The result should be the full listing copied exactly, with no pictures in it.

» Data extract

☆ ☆ ☆ ☆ ☆ ☆ ☆

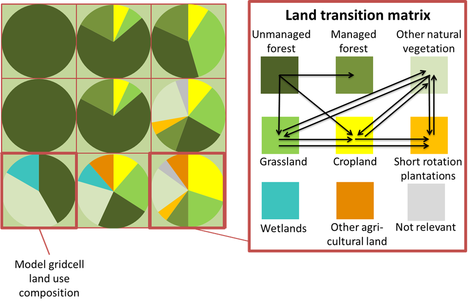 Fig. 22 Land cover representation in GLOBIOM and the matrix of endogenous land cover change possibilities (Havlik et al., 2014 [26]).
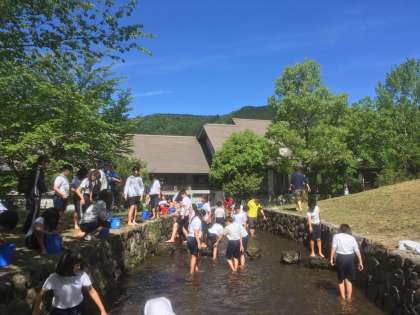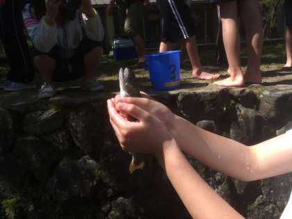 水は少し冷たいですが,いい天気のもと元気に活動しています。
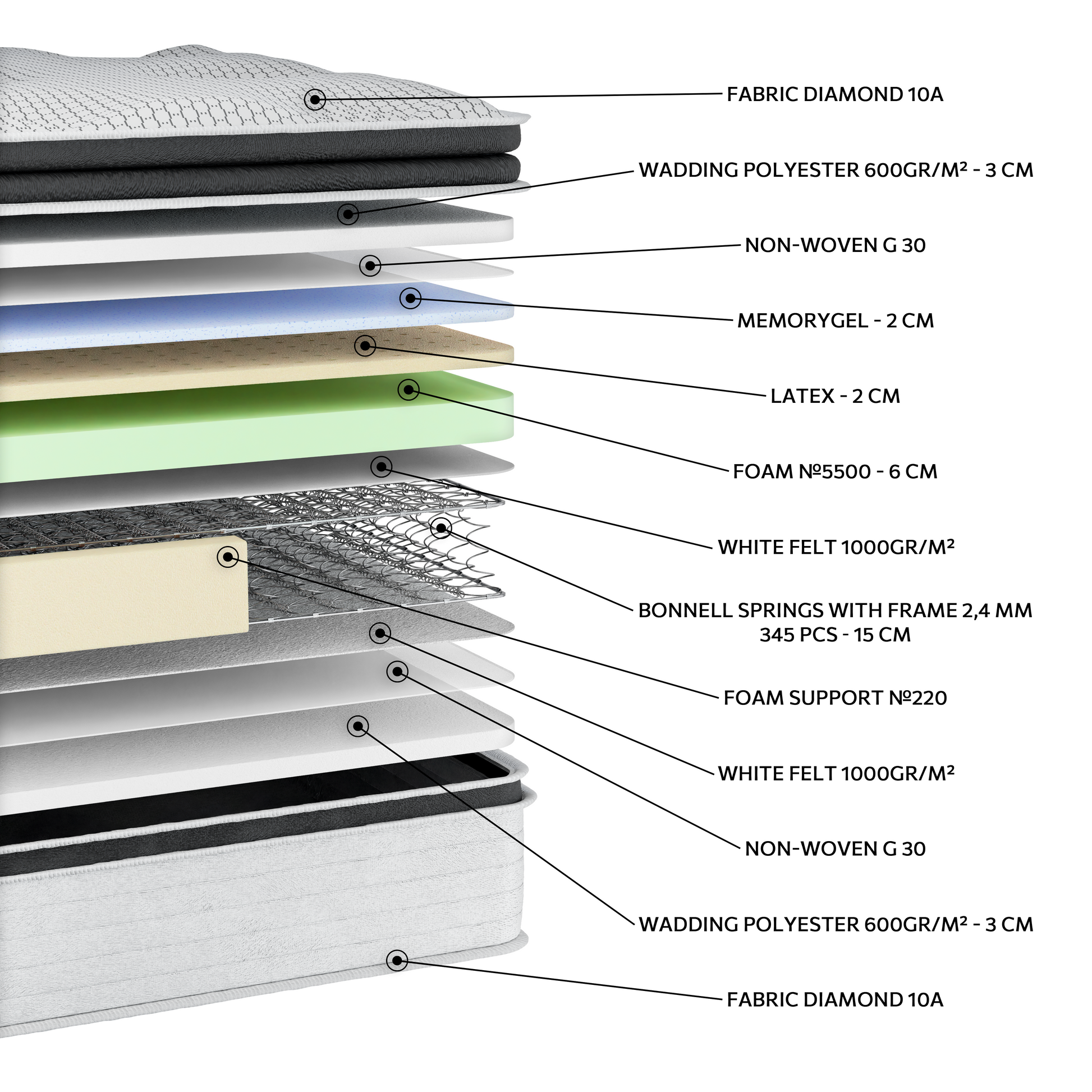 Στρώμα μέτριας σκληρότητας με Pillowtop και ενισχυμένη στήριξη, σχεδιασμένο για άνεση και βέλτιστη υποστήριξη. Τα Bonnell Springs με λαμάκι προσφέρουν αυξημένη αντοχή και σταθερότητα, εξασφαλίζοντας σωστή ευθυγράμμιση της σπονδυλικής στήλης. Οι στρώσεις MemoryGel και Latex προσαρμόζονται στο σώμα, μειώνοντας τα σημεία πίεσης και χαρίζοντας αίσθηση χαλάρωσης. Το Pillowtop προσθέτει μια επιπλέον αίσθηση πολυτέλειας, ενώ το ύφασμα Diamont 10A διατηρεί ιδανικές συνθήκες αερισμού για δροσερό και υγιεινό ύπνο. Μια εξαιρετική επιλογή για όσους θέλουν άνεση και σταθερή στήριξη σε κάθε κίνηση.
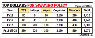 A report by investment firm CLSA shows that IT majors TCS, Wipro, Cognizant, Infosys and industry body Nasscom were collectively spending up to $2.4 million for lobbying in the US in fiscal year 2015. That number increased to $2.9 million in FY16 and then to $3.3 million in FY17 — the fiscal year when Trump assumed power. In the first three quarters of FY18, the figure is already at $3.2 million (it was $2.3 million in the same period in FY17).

☆ ☆ ☆ ☆ ☆ ☆ ☆

» Your solution
 Fig. 22 Land cover representation in GLOBIOM and the matrix of endogenous land cover change possibilities (Havlik et al., 2014 [26]).
 水は少し冷たいですが,いい天気のもと元気に活動しています。
 Στρώμα μέτριας σκληρότητας με Pillowtop και ενισχυμένη στήριξη, σχεδιασμένο για άνεση και βέλτιστη υποστήριξη. Τα Bonnell Springs με λαμάκι προσφέρουν αυξημένη αντοχή και σταθερότητα, εξασφαλίζοντας σωστή ευθυγράμμιση της σπονδυλικής στήλης. Οι στρώσεις MemoryGel και Latex προσαρμόζονται στο σώμα, μειώνοντας τα σημεία πίεσης και χαρίζοντας αίσθηση χαλάρωσης. Το Pillowtop προσθέτει μια επιπλέον αίσθηση πολυτέλειας, ενώ το ύφασμα Diamont 10A διατηρεί ιδανικές συνθήκες αερισμού για δροσερό και υγιεινό ύπνο. Μια εξαιρετική επιλογή για όσους θέλουν άνεση και σταθερή στήριξη σε κάθε κίνηση.
 A report by investment firm CLSA shows that IT majors TCS, Wipro, Cognizant, Infosys and industry body Nasscom were collectively spending up to $2.4 million for lobbying in the US in fiscal year 2015. That number increased to $2.9 million in FY16 and then to $3.3 million in FY17 — the fiscal year when Trump assumed power. In the first three quarters of FY18, the figure is already at $3.2 million (it was $2.3 million in the same period in FY17).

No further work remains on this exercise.